OK, das Foto ist aus dem Allgäu, das mag für die mehreren Zentimeter sprechen, aber *Schnee* hatte es letztes Jahr um die Zeit auch …
11. April 2006 um 10:03
In jeder Branche und in jedem Beruf läuft man als dort Arbeitende(r) Gefahr, Insider-Terminologie und Fachbegriffe irgendwann auch in Kontexten zu verwenden, wo man vielleicht eher zu allgemeinverständlichen Hilfs-Worten greifen müßte.
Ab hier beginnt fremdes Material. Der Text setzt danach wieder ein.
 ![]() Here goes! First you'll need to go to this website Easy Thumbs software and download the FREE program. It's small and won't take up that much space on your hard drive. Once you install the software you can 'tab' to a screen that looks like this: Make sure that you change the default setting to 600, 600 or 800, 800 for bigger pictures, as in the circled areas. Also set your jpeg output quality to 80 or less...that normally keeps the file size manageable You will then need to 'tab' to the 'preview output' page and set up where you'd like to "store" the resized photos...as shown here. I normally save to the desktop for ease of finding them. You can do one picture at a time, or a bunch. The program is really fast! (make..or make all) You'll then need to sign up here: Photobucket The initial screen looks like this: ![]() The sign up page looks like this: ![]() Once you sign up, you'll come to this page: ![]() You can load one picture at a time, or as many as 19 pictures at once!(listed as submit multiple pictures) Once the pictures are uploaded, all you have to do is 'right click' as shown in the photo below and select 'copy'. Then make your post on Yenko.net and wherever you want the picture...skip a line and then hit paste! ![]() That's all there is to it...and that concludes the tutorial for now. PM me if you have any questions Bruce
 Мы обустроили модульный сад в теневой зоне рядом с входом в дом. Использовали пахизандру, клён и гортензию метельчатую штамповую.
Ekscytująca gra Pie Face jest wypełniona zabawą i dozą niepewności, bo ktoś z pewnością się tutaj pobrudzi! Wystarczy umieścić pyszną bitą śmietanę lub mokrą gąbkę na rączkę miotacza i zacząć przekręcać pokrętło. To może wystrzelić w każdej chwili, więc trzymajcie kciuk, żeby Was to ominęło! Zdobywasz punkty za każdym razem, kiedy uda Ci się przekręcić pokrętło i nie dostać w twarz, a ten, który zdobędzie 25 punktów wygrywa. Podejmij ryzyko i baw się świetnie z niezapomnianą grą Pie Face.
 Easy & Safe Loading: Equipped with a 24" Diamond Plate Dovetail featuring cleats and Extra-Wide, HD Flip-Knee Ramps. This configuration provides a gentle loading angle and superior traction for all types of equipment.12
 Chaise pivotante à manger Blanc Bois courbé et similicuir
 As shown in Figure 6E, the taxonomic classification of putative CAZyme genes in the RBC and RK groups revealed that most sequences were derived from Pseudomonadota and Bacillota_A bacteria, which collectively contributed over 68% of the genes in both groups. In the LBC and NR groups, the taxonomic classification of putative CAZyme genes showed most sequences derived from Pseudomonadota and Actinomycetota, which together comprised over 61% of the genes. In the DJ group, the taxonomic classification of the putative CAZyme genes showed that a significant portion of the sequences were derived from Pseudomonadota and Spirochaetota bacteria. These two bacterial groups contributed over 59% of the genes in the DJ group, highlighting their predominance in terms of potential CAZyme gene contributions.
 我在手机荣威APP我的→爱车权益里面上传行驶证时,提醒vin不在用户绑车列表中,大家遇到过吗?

Aber sowas sagt sich in der Rückschau immer leicht, in der Hitze des Gefechts (bzw. der Kälte des ausklingenenden Winters) rutscht jedem/jeder mal ein zur Selbstverständlichkeit gewordenes Fachwort aus dem Mund… Das soll nix entschuldigen, aber a bisserl erklären…
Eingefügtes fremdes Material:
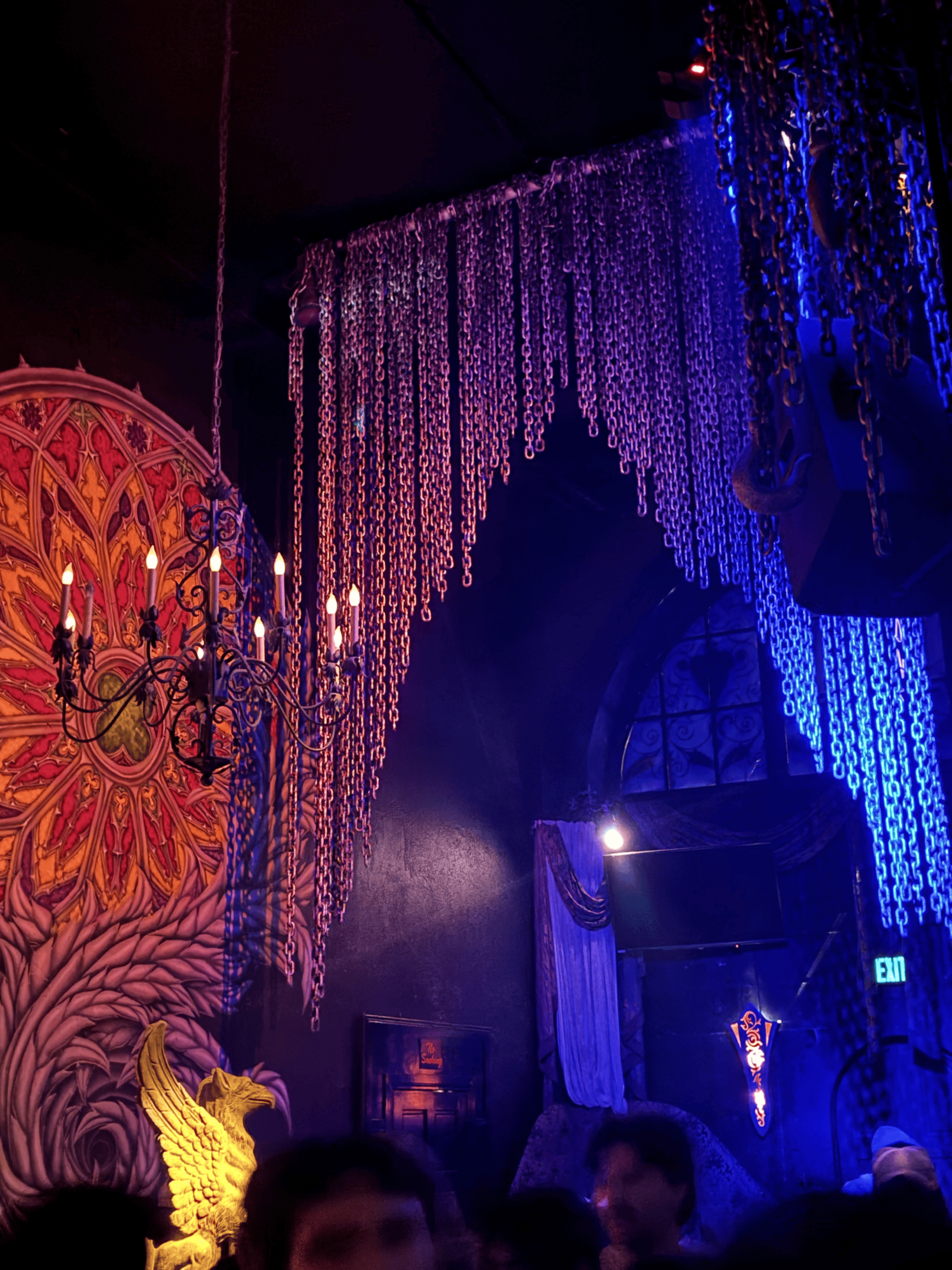 Walking into The Goldfish felt like stepping into a movie. You are immediately greeted by two pool tables with a long queue, a packed bar with the menu written in dry-erase marker on a goldfish tank, and an eerie glow emanating from the room of vintage pinball machines. If you showed up late like I did, then the music was already going and was loud enough to draw you into the stage room. A huge disco ball twirled above the crowd.

Vielleicht noch ein paar Sätze zur Aufklärung: Rein technisch werden Reisezüge »bereitgestellt«, wenn sie vorher abgestellt waren, also nicht bereits mit Reisenden besetzt von woanders her ankommen. Eine »Garnitur« ist ein Verbund aus Reisezugwagen, die man mit einem »Triebfahrzeug« (vulgo »Lok(omotive)«) zu einem »Zug« komplettiert (müßte bei andersrummer Fahrtrichtung streng genommen und netterweise »Schub« heißen, tut es aber nicht). Aus wirtschaftlichen Gründen sterben »lokbespannte« Züge freilich langsam aus, denn »Triebzüge« (bei denen nicht nur das den Rest ziehend Fahrzeuge, sondern alle Einheiten angetrieben sind) sind flexibler, sparsamer, oberbauschonender, mehr Reisende fassend und anderes mehr. Eine Lokomotive ist übrigens mitnichten ein »Triebwagen«, denn ein solcher würde Reisende aufnehmen können. Ein alter Schienenbus hningegen wäre ein solcher…
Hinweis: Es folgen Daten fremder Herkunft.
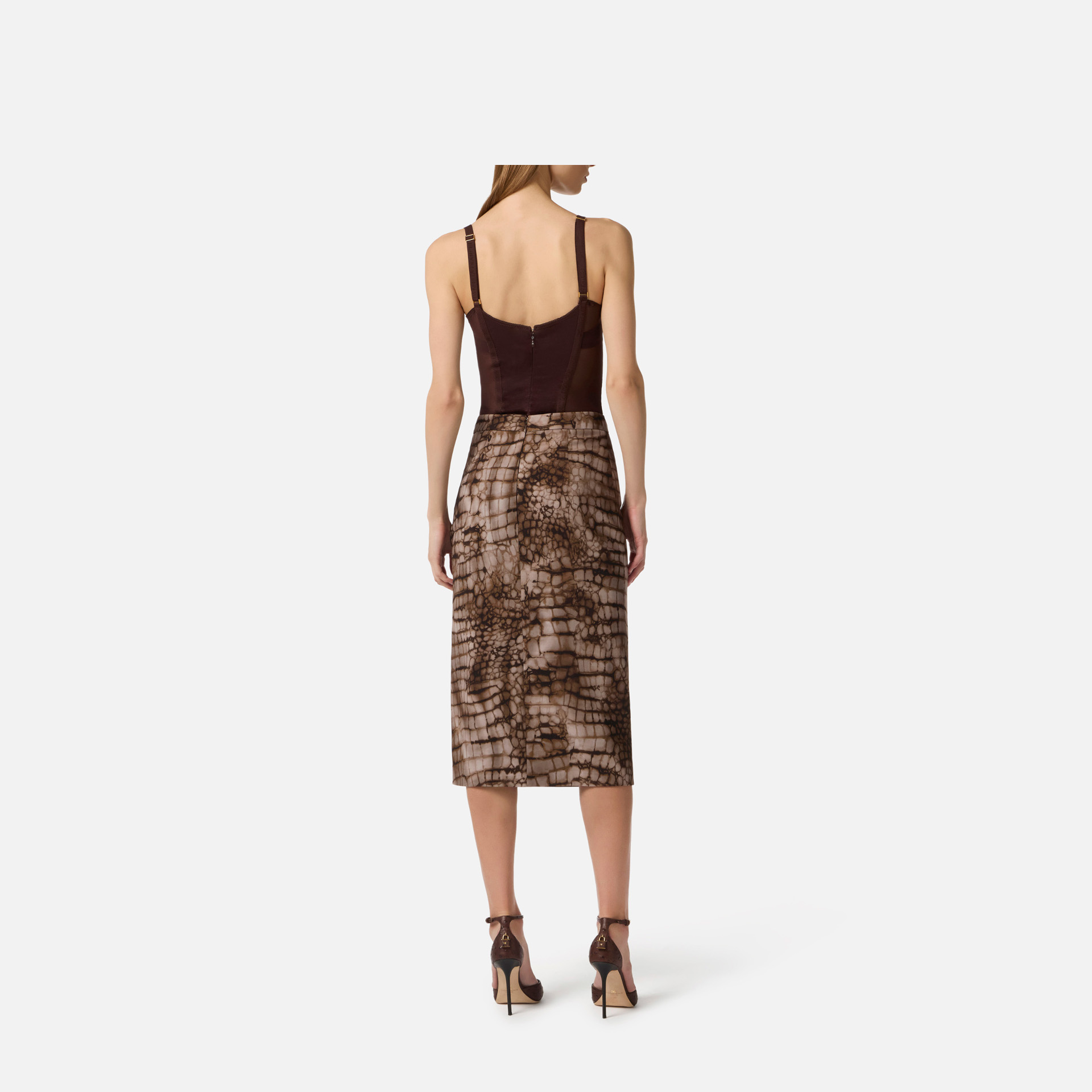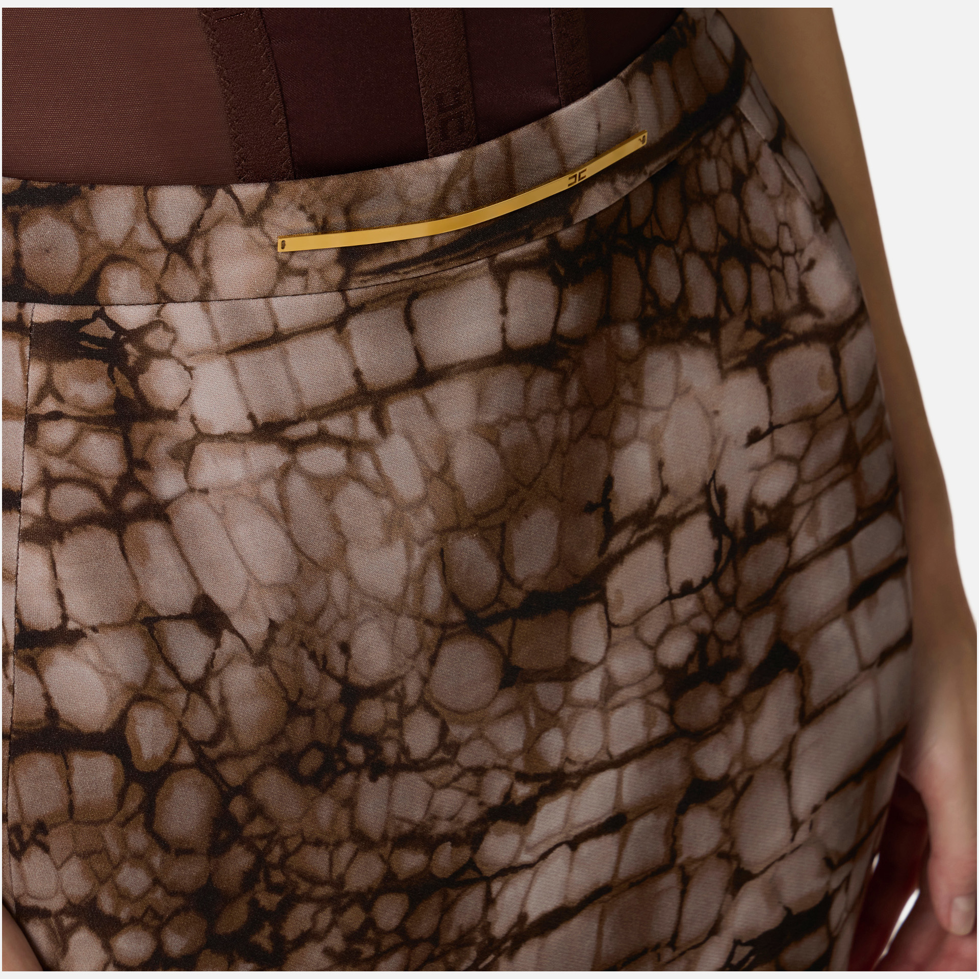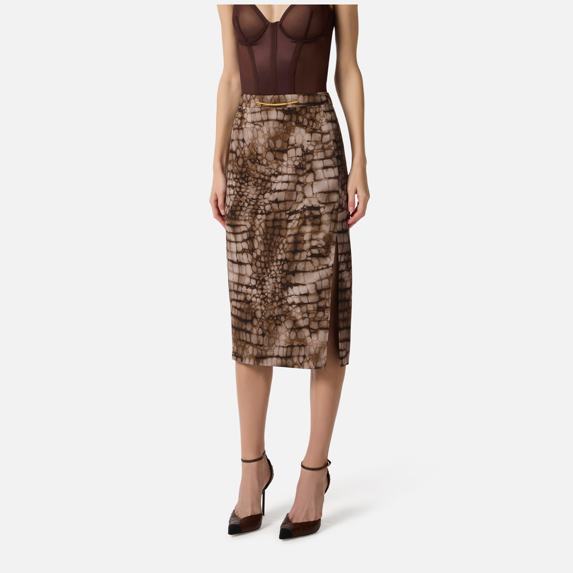 Fustă Elisabetta Franchi – fustă midi cu model aligator, cu design sofisticat și detalii elegante. Despicăturile laterale adaugă un plus de feminitate și libertate de mișcare, iar logo-ul metalic auriu în talie evidențiază semnătura distinctivă a brandului.

Zu Kommunikations- und Kundendienst-Aspekten
11. April 2006 um 11:21
Zum ersten Absatz von “zonebattler” sei noch hinzugefügt, dass jahrelang verwendete Begriffe eben mitunter nicht mehr als “Fachbegriff” erkannt, sondern als (bei Fahrgästen) bekannt vorausgesetzt werden. “(Zug-)garnitur” fällt hier sicherlich darunter.
11. April 2006 um 14:03
nur zur Erinnerung: und Sie haben sich noch vor ein paar Tagen Sorgen um Ihre Frisur gemacht? Liebe Kaltmamsell: Mützenwetter.
11. April 2006 um 16:27
Ich glaube es ist eine Zuggarnitur :)
Schön, mal wieder winterliches München zu sehen. Das ist so, wie ich München kenne. Der Winter 2004/2005 war ja auch sehr winterlich!
11. April 2006 um 16:40
passt ja auch irgendwie zu deinem namen…
aber dieser wintereinbruch – ich hörte davon in den nachrichten, hier ist es eher sonnig – hat mich selbst überrascht. vor allem diese strikte aufteilung: süden schnee, norden sonne.